I did think what if it was my last few secs, how does my life flashback look? I couldn't conclude but I definitely wasn't scared. Which could mean, I have led a decent life and do not fear the thought of death. Definitely, I saw more regrets than mistakes/failures, which meant I had not tried things with the fear of failure or never given it a serious thought. There was a sudden rush of emotions for all the people who had an impact on me. A huge hug to the loved ones who have been there with me and in my thoughts 🙌. I definitely prayed for them to lead a joyful life. All this happened within mins and I was back to the conversation alive and kicking.

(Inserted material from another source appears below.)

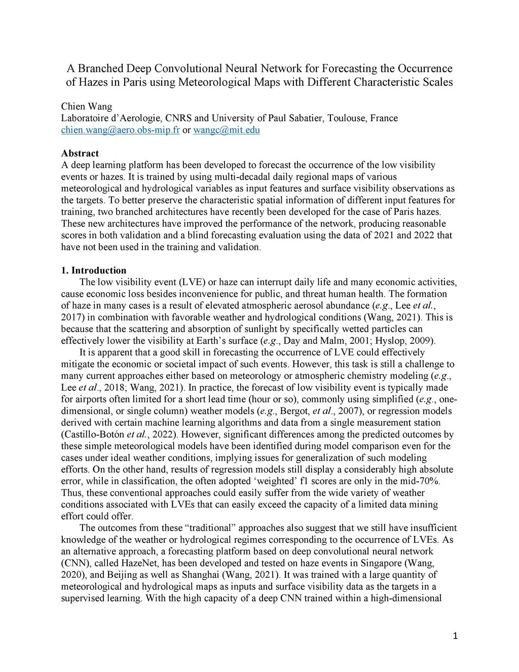 A deep learning platform has been developed to forecast the occurrence of the low visibility events or hazes. It is trained by using multi-decadal daily regional maps of various meteorological and hydrological variables as input features and surface visibility observations as the targets. To better preserve the characteristic spatial information of different input features for training, two branched architectures have recently been developed for the case of Paris hazes. These new architectures have improved the performance of the network, producing reasonable scores in both validation and a blind forecasting evaluation using the data of 2021 and 2022 that have not been used in the training and validation.

Murgi also spoke about how much we might need to retire. TBH, I don't think anyone can define that in general as nothing is enough or whatever we have is already more. It is a choice people have to make and ensure they do not run behind money and straight to a grave.

We need to realize life is short and unexpected. Things can change in secs and we have to make to most of what we have. Just another reminder to live life fully and enjoy it while it lasts. If you have doubts, just ask "Macha, they say just before death, a person sees his entire life as a flashback. What if you are having this flashback now. How does it look??"